- Genre: Reality television
- Written by: Aaron Ginsburg Wade McIntyre
- Directed by: Katherine Brooks Jen Friesen
- Composer: Jeff Cardoni
- Country of origin: United States
- Original language: English
- No. of seasons: 2

Production
- Executive producer: Yann Debonne
- Producer: Michelle Brando
- Production company: Nash Entertainment

Original release
- Network: MTV
- Release: 1 June 2004

= Wanna Come In? =

Wanna Come In? is an MTV reality television show. It was a modern reality twist on Edmond Rostand's legendary 1897 play Cyrano de Bergerac. In the show, a two-man team that consists of a "stud" and a "dud" competed with another "stud"/"dud" duo to try to win cash prizes. The "stud" secretly coached the "dud" by speaking through a hidden microphone while the "dud" was on a blind date with a beautiful young woman. Each team went through several challenges in an effort to get the "geek" invited inside the woman's home at the end of the date. If she did not invite her "dud" inside, the team lost.

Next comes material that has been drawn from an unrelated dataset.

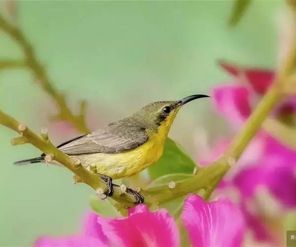 黄腹花蜜鸟是雀形目太阳鸟科花蜜鸟属鸟类。体型较小、喙略短而弯、腹部黄色。…

Wanna Come In? was on the air for three seasons on MTV. It was a half-hour show that aired daily in the afternoons. The challenges usually had the "geeks" doing zany things that would make it almost impossible for the date to end well. If the "geek" asked to come in at the end of the date or revealed that he were being coached, the "geek/stud" duo was disqualified.